= List of world featherweight boxing champions =

==Championship recognition==

===Public acclamation: 1884 to 1921===
Champions were recognized by wide public acclamation. A featherweight champion was a boxer who had a notable win over another notable boxer and then went without defeat. Retirements from the ring periodically led to a "true" champion going unrecognized, or for several being recognized by the public for periods of time. Typically, public interest in having a single, "true" champion resulted in claimants to the featherweight title being matched with one another; the winner of that bout was subsequently deemed the champion, with the claim (and title lineage) of the defeated boxer largely forgotten.

===Sanctioning bodies: 1921 to present ===
The National Boxing Association (NBA) was formed in 1921 as the first organization aimed at regulating boxing on a national (and later global) level. The prominence of New York City as the epicenter of boxing would lead to a governmental entity, the powerful New York State Athletic Commission (NYSAC), joining the NBA in sanctioning bouts as "world championships." A third entity, with lesser public recognition inside the US, the European Boxing Union (EBU), would follow suit, with this triumvirate typically (but not always) recognizing the same boxers as world champions.

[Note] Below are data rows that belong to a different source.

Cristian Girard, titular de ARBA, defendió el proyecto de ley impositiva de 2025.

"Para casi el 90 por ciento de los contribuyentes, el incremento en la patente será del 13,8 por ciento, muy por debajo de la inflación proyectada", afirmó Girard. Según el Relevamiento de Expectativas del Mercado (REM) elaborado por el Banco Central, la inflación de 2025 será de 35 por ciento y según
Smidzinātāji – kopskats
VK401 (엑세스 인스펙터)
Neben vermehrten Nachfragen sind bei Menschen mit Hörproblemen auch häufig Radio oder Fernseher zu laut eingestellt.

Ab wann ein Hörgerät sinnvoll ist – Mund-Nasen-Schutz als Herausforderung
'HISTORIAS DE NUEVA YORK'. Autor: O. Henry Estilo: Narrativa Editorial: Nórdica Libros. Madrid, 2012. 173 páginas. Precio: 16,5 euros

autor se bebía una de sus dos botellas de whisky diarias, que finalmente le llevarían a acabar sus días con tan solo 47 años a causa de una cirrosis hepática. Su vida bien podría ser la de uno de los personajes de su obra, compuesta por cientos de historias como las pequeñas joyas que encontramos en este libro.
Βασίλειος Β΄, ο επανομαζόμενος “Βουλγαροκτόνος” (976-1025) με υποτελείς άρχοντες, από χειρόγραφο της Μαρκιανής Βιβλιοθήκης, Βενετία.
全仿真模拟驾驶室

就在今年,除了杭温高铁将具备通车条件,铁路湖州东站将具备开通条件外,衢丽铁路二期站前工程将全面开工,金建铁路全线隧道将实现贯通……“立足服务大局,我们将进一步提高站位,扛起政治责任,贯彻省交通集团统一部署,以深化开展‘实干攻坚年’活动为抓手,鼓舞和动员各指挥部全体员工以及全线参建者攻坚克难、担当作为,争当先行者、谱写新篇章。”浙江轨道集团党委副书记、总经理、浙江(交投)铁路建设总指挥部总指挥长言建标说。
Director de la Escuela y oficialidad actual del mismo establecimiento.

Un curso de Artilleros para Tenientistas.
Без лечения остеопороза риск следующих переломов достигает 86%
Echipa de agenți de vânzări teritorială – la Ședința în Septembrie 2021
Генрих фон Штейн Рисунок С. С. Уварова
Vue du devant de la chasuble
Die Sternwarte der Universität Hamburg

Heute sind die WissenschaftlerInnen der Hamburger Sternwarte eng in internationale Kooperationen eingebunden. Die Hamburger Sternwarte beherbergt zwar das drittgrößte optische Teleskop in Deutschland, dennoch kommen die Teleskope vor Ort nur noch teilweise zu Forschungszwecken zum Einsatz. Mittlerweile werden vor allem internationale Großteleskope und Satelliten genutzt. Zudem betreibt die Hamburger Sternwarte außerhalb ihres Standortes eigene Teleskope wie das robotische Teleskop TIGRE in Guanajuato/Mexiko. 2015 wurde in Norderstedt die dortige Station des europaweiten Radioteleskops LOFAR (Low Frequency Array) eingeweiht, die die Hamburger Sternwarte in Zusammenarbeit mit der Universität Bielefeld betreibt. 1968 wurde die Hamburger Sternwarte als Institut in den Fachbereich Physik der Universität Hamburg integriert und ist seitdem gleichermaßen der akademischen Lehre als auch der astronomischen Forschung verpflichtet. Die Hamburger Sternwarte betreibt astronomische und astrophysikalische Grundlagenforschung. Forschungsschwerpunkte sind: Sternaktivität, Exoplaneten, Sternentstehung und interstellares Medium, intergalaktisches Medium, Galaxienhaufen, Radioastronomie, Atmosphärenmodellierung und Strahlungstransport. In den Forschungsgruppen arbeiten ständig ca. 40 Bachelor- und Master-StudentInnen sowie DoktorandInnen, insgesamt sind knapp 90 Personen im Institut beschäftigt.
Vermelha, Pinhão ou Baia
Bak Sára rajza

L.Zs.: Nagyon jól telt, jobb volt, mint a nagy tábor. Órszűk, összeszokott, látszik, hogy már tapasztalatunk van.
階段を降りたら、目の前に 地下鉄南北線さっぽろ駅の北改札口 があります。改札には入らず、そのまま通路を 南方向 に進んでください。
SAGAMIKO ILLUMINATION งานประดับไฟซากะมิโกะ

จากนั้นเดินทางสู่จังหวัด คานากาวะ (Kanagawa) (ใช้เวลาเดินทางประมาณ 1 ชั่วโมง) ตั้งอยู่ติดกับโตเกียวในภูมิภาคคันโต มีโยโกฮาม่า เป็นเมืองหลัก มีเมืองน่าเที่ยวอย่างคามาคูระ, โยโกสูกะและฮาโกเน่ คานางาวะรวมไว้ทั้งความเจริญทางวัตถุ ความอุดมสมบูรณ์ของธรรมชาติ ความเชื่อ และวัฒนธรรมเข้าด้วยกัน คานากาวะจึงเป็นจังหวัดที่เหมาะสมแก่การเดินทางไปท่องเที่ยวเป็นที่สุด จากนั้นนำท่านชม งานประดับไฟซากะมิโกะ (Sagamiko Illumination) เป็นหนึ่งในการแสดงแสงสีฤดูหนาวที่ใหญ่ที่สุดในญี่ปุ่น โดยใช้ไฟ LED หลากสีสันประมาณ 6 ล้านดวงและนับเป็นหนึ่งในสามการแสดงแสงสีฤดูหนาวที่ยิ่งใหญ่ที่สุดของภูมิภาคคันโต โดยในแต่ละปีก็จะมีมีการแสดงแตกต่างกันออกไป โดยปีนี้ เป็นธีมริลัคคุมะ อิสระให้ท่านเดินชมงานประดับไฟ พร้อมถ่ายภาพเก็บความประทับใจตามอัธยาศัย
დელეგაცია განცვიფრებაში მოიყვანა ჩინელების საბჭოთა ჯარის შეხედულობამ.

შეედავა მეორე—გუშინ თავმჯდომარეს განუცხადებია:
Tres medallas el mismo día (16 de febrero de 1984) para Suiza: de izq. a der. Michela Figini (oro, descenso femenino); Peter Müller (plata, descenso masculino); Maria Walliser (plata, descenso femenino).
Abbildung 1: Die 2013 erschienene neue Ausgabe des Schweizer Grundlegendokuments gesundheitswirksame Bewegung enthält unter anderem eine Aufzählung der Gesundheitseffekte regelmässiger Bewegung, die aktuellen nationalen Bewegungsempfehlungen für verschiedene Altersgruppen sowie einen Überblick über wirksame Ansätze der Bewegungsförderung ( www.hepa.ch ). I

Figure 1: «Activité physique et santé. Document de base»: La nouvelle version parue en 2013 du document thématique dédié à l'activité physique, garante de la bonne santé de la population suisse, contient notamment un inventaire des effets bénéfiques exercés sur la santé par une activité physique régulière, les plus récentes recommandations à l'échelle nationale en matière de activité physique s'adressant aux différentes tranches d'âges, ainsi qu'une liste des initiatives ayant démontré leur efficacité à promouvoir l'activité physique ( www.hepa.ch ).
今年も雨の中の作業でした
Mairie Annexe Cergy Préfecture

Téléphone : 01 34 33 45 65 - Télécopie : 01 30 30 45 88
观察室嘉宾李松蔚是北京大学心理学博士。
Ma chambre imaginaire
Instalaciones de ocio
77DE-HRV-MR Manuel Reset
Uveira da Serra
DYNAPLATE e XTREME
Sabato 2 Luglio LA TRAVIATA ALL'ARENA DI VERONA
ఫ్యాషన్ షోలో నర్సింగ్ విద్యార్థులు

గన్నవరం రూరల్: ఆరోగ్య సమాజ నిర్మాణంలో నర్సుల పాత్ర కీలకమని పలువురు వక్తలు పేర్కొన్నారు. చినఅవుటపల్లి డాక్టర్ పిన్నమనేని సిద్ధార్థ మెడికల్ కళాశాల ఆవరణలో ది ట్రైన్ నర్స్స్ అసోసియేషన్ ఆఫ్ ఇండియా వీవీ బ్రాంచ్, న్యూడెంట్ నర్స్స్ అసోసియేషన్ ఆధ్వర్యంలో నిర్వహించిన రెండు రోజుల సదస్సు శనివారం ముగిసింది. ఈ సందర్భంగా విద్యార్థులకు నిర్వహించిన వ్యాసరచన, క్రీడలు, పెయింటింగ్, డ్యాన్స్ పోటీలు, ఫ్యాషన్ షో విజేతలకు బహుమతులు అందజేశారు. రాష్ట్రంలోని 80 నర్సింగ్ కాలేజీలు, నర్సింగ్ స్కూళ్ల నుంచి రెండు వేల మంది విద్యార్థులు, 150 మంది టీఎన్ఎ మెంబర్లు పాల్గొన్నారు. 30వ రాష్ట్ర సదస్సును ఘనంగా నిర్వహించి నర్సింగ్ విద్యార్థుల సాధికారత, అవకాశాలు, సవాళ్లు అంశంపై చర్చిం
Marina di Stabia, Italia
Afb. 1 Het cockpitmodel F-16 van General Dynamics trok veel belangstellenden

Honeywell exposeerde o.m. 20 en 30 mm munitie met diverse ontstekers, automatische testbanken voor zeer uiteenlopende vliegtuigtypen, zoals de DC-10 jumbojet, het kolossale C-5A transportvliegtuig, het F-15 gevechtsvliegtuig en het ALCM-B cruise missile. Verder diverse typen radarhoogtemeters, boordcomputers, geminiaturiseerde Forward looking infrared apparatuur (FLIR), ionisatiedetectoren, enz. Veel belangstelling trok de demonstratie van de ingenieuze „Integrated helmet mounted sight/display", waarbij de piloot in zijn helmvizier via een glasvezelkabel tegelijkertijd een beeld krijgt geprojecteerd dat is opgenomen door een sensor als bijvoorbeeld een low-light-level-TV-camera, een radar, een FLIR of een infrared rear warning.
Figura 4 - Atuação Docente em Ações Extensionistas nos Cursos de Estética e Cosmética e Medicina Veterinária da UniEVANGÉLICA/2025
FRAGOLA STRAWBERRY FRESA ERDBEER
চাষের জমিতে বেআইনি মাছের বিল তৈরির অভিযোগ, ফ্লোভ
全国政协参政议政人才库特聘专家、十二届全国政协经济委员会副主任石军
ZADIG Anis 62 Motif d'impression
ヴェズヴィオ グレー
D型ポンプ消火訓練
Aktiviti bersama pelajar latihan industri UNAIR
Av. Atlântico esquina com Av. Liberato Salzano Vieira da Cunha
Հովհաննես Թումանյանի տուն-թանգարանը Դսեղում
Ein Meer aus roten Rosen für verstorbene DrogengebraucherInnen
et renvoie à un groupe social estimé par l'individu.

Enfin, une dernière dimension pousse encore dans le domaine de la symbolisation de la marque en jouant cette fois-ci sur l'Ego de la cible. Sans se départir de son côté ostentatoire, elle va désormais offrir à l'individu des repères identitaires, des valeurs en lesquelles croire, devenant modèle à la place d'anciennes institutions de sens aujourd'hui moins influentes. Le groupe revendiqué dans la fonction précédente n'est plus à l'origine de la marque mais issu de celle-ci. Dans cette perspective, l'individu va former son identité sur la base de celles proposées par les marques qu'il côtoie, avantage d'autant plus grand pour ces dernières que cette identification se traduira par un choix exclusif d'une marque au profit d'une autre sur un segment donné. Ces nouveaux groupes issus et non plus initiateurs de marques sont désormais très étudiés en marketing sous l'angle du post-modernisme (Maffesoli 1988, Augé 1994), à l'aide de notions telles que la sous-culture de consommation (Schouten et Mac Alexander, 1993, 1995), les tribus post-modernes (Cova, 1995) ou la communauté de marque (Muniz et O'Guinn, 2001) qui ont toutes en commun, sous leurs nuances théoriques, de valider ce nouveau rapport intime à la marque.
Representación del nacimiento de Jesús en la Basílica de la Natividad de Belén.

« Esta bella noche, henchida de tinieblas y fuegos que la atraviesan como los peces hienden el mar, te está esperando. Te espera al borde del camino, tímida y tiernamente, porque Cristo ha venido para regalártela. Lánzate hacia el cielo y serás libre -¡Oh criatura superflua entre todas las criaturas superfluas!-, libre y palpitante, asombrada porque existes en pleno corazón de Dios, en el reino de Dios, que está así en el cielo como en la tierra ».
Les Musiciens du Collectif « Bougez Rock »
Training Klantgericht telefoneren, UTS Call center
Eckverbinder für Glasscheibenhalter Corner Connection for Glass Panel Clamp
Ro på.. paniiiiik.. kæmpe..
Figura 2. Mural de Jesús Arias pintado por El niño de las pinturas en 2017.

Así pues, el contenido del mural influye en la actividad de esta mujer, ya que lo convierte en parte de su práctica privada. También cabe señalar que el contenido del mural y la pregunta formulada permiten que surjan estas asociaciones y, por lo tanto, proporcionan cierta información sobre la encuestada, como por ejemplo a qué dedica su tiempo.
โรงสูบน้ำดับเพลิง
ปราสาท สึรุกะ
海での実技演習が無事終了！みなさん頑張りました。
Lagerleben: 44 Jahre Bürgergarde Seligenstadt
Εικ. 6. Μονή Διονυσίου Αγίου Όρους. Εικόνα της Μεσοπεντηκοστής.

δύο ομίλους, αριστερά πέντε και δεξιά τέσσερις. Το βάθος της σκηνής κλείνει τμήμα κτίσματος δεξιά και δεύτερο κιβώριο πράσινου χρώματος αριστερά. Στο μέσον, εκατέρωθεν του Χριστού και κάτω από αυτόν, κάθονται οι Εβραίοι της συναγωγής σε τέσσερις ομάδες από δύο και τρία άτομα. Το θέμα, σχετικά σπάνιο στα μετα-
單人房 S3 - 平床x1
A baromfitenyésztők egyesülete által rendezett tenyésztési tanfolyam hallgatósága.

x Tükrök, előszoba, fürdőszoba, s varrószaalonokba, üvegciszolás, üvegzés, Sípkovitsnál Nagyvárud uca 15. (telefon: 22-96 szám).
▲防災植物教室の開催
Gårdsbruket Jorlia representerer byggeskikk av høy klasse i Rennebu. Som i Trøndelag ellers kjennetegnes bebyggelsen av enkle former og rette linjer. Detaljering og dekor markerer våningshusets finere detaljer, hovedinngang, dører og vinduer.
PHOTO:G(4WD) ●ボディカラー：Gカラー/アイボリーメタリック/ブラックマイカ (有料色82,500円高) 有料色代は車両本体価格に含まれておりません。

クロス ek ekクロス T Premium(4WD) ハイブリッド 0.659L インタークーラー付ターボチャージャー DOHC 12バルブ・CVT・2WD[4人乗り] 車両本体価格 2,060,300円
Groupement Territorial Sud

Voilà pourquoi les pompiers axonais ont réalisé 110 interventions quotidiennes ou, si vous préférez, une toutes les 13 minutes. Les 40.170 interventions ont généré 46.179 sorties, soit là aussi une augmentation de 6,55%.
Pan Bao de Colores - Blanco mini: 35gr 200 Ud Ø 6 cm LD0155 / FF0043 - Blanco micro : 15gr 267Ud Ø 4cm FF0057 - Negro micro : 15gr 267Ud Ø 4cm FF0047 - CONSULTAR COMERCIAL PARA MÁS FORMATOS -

At its 1962 convention, the NBA's non-U.S. members exploited a membership rule and took control of the organization, rebranding it the World Boxing Association. The WBA was joined a year later by a combination of state and national boxing commissions (including the NYSAC and IBU) to form a separate sanctioning body, the World Boxing Council (WBC). Each organization would later have a spin-off competing sanctioning body emerge: the International Boxing Federation (IBF), which was formed by members of the United States Boxing Association in 1983; and the World Boxing Organization (WBO), which was formed in 1989. A fifth significant (but not as publicly accepted) body came in the form of the International Boxing Organization (IBO), in 1991. Today there are over a dozen sanctioning organizations, of varying degrees of public acceptance, sanctioning bouts as for a world championship and proclaiming their title winners "Champion of the World."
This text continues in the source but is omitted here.